The health history should be short and contain only the essentials: date of birth,
notable medical history and diagnoses, medications and allergies, name and
contact information for your primary care provider, and names and contact
information for your closest family members. If you have a medical advance
directive, you could attach it to the health history. My health history fits on a
single page so that harried providers won’t have to wade through excessive
detail to find what’s truly important. Share this document with your spouse or
another person who is most likely to be communicating with hospital personnel
should you become seriously ill. Also, print a copy and keep it somewhere very
accessible, so that if you do need to call 911, you can grab the health history to
bring it with you without having to climb an extra flight of stairs.

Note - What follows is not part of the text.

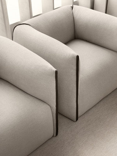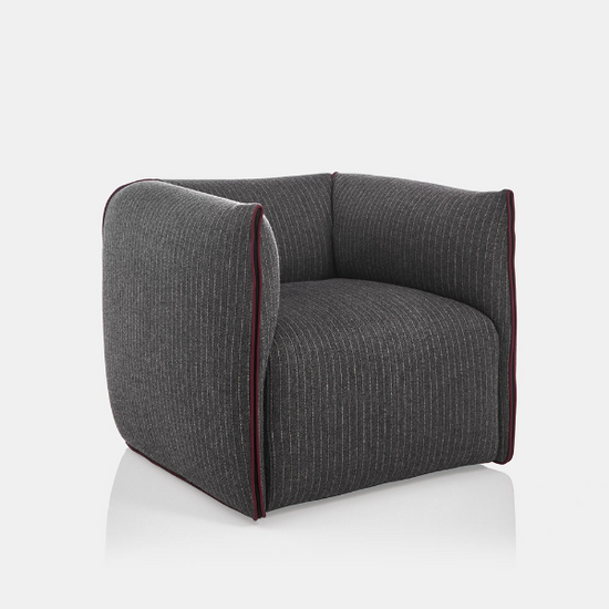 The Mia collection is characterized by an extrathick decorative trim which emphasizes its sinuosity by tracing its edges and intersections. The trim can be in the same tone of the cover, or in a contrast colour based on the customers’ choice. The fabric cover embraces the entire product and is tailored to enhance its shape and softness.

Next, create a document that contains very specific and concrete details about
your office, who to notify, to whom to delegate tasks, how to access patients’
contact information, and a sample letter to patients. Ask the colleague who
usually covers for you when you’re on vacation (remember vacation?), or a
person or two from your call group, or your peer supervisor for their permission to
include them in this process. Review with them their roles in your contingency
plan and offer to reciprocate. Under the current shelter-in-place order, my
husband has physical access to my appointment calendar, patient charts, and
their contact information, but he could ask a designated colleague to make the
calls by sharing names and phone numbers. Hopefully, the calls are only to
postpone appointments and determine any immediate needs.

Create a sample letter to your patients in case your practice needs to be closed,
for it is the only way to ensure that they will be communicated with in the manner
you would want. The letter I wrote starts with “I regret to inform you,” but goes on
to list the arrangements that have been made to facilitate my patients’ transition
to a new psychiatrist: who will provide interim refills on their medication, who will
help them find a new provider, and how to obtain copies of their medical record.
It closes with a couple of sentences about how much I valued working with each
of my patients, and how I would have wanted a more gradual transition. It is my
hope that in these last two lines my patients will recognize my voice and feel
comforted.

The plan I wrote is designed for a private practice; however, psychiatrists working
for institutions, where the availability of support staff at least takes the burden off
of the family, might still have information to transmit in a contingency plan format.
For example, if you are in an academic setting, who will take over your grant so
your project can continue, and how does that person access your grant reports
and data? In a community health center, even though the medical director will
reassign all your patients, wouldn’t it be nice for your patients to receive a letter
that includes some of your own words, rather than a more impersonal notice?

Even more important than our responsibility to our patients is that to our children.
Especially if you have minor children, it is wise to designate who will take care of
them in your absence, which may be different if the absence is temporary rather
than permanent. If you don’t already have one, write a will. If you do have one,
consider reviewing it to be sure it still reflects your final wishes.

As with all pandemic planning, we hope that the precautions we take are
excessive, not insufficient. Far better to have too many ICU beds and ventilators
than too few. Far better to have wasted a little time creating a contingency plan
that isn’t used, than to have none and need it.